-- WHAT THIS TASK INVOLVES --
From the line that contains "从各区情况看,环境空气质量综" through the line that contains "Introduction: General introduction", output every line of the listing below exactly and leave out all the rest.

-- INPUT MATERIAL --

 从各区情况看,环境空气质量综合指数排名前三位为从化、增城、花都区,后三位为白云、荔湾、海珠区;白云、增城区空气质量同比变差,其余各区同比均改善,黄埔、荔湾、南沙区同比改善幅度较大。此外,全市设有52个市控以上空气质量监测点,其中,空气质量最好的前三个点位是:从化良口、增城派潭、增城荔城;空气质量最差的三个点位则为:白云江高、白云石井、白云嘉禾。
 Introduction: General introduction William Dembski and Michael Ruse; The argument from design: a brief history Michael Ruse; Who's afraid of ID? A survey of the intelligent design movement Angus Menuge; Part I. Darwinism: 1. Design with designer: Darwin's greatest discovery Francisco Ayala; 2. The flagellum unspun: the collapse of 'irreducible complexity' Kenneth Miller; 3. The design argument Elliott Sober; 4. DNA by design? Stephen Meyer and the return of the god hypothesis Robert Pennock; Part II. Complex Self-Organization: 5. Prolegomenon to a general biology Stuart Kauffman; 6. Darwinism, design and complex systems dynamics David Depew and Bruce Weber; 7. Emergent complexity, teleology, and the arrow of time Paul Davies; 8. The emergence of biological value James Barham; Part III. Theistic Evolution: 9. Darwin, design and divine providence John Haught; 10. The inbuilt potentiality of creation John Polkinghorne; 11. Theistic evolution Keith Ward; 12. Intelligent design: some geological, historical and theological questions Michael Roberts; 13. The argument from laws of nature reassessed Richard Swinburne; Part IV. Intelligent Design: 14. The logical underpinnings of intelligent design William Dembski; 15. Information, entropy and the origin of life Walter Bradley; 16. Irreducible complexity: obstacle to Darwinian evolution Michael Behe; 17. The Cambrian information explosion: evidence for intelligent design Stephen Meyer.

...

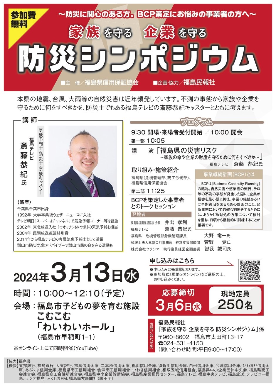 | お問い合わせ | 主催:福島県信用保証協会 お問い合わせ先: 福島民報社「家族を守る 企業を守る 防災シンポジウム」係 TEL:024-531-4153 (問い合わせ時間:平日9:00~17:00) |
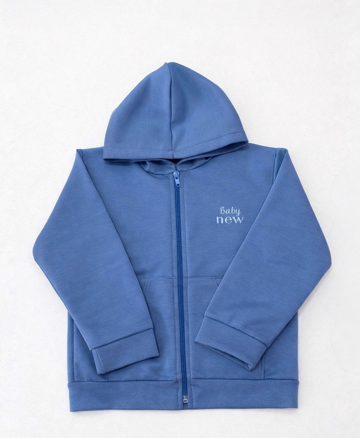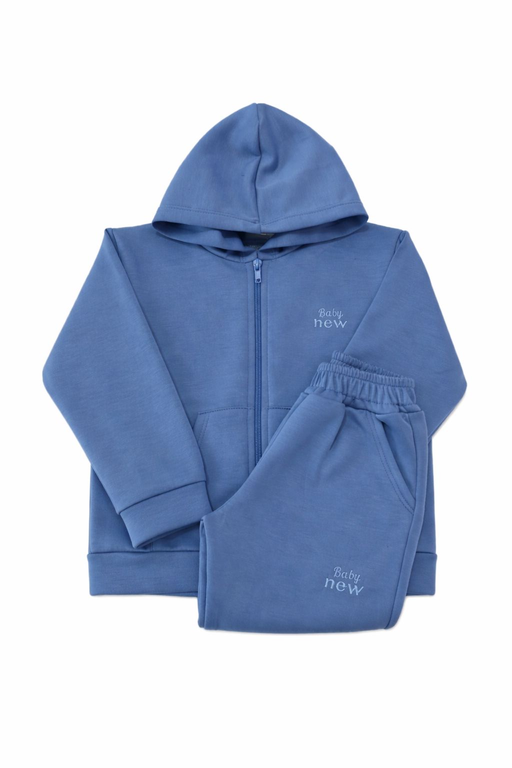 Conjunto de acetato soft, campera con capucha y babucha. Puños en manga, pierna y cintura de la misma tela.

-- OUTPUT --
 从各区情况看,环境空气质量综合指数排名前三位为从化、增城、花都区,后三位为白云、荔湾、海珠区;白云、增城区空气质量同比变差,其余各区同比均改善,黄埔、荔湾、南沙区同比改善幅度较大。此外,全市设有52个市控以上空气质量监测点,其中,空气质量最好的前三个点位是:从化良口、增城派潭、增城荔城;空气质量最差的三个点位则为:白云江高、白云石井、白云嘉禾。
 Introduction: General introduction William Dembski and Michael Ruse; The argument from design: a brief history Michael Ruse; Who's afraid of ID? A survey of the intelligent design movement Angus Menuge; Part I. Darwinism: 1. Design with designer: Darwin's greatest discovery Francisco Ayala; 2. The flagellum unspun: the collapse of 'irreducible complexity' Kenneth Miller; 3. The design argument Elliott Sober; 4. DNA by design? Stephen Meyer and the return of the god hypothesis Robert Pennock; Part II. Complex Self-Organization: 5. Prolegomenon to a general biology Stuart Kauffman; 6. Darwinism, design and complex systems dynamics David Depew and Bruce Weber; 7. Emergent complexity, teleology, and the arrow of time Paul Davies; 8. The emergence of biological value James Barham; Part III. Theistic Evolution: 9. Darwin, design and divine providence John Haught; 10. The inbuilt potentiality of creation John Polkinghorne; 11. Theistic evolution Keith Ward; 12. Intelligent design: some geological, historical and theological questions Michael Roberts; 13. The argument from laws of nature reassessed Richard Swinburne; Part IV. Intelligent Design: 14. The logical underpinnings of intelligent design William Dembski; 15. Information, entropy and the origin of life Walter Bradley; 16. Irreducible complexity: obstacle to Darwinian evolution Michael Behe; 17. The Cambrian information explosion: evidence for intelligent design Stephen Meyer.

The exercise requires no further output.